Admission: Stefan Quandt, pictured with his mother Johanna, has said his family - including father Herbert - was 'part of the Nazi system' |
He was also
'unscrupulous' in his take-overs of Jewish firms which were forcibly sold for a
pittance to loyal German industrialists such as himself.
'The family
patriarch was part of the Nazi regime', judged the historian in the 1,200 page
study.
'The Quandts
connected themselves inseparably with the crimes of the National Socialists.'
The Quandts
were pressured into commissioning the study after a 2007 TV documentary in
Germany entitled The Silence Of The Quandt Family.
Five days
later, as the press headlines about a fortune built on blood piled up, the
reclusive family announced its full backing for the research project.
At the time
it said: 'The accusations that have been raised against our family have moved
us.
'We
recognize that in our history as a German business family, the years 1933 to
1945 have not been sufficiently cleared up.'
BMW, of
which the Quandts became major shareholders 15 years after the war, was not
implicated in the documentary.
'We were
treated terribly and had to drink water from the toilets.

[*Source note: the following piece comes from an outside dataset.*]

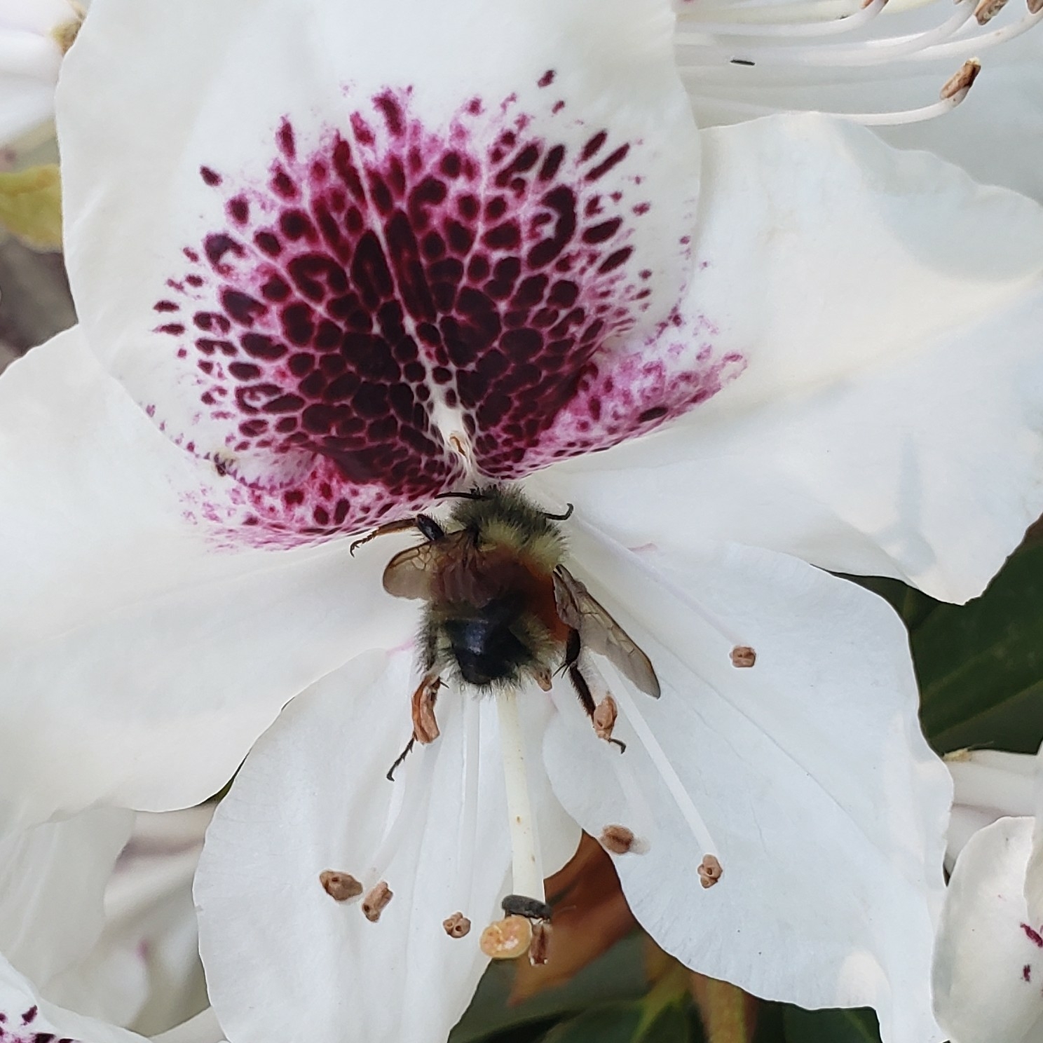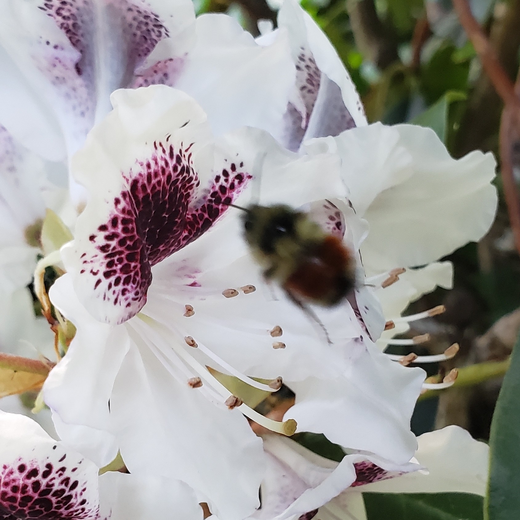 Bombus melanopygus | species | Rhododendron | genus | visits | Animalia | Arthropoda | Insecta | Hymenoptera | Apidae | Bombus | Plantae | Tracheophyta | Magnoliopsida | Ericales | Ericaceae | Rhododendron | 49.054756 | -122.784398 | 2023 | 5 | 28 | http://creativecommons.org/licenses/by-nc/4.0/ | https://www.inaturalist.org/observations/165257900 | |

We were also
whipped,' said Takis Mylopoulos, a forced labourer who worked in Quandt's
Hannover plant.
In 1946
Guenther Quandt was arrested and interned. To the surprise of many, he was
judged to be a 'Mitlaufer', or fellow traveller - namely someone who accepted the Nazi ideology
but did not take an active part in crimes.
He was
released in January 1948.
Business interests: The BMW factory in Cowley, Oxfordshire. The Quandt family still owns the majority of shares in luxury car manufacturer BMW |
One of the
prosecutors in the Nuremberg trials, Benjamin Ferencz, now says that if today's
evidence against him had been presented to the court at the time,'Quandt would
have been charged with the same offences as the directors of IG Farben' - the
makers of the gas used to murder the Jews at Auschwitz.
Quandt was
able to re-install himself in the supervisory boards of various German firms
such as Deutsche Bank. He also became an honorary citizen of the University in
Frankfurt in 1951.
He died on
holiday in Cairo on December 30, 1954.